Tawlas Posted March 8, 2013 Share Posted March 8, 2013 Yup. For us, simpler is better. I had this really neat home made prehistory plan all mapped out: usborne book, library books mapped out, other books bought, activities, documentaries etc, all on a neat template mapped out by the week. We read the usborne book, did a narration. If we were lucky there was a doc on Netflix I found in time. History is still my son's favorite thing to do for "school". He asks for it all the time. Simpler is better! What gets done is best! :-) Quote Link to comment Share on other sites More sharing options...

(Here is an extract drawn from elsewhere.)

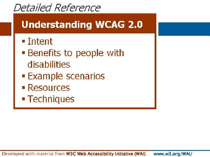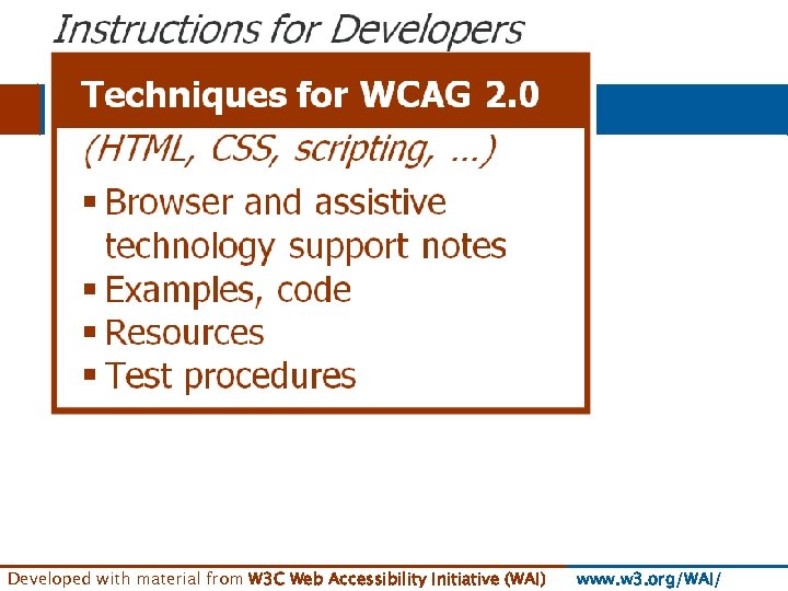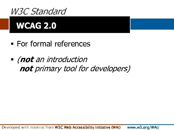 § For formal references § (not an introduction not primary tool for developers) Developed with material from W 3 C Web Accessibility Initiative (WAI) www. w 3. org/WAI/
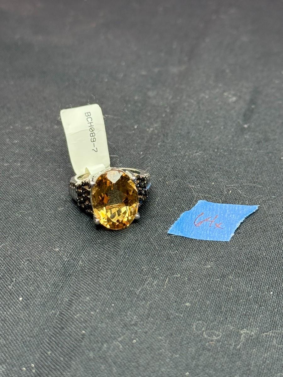 sterling silver ring featuring a large, oval-cut citrine gemstone

Walking-Iris Posted March 8, 2013 Share Posted March 8, 2013 I honestly have to say I love the HWT wooden letters Maybe start them in pre-K rather than K. But I love them. All the other HWT stuff is just ...stuff. I agree about the pricey phonics programs. Teaching someone to read is not that expensive. I don't do history in K unless it just comes up naturally in conversation or read alouds. I try to get them aware of the states etc, but that's about it. My Kinder is obsessed with prehistoric man and animals and dinosaurs. I just let him loose on Netflix and give him some books to look through. Science is where i expect I over extend myself in the early early grades...sigh. Quote Link to comment Share on other sites More sharing options...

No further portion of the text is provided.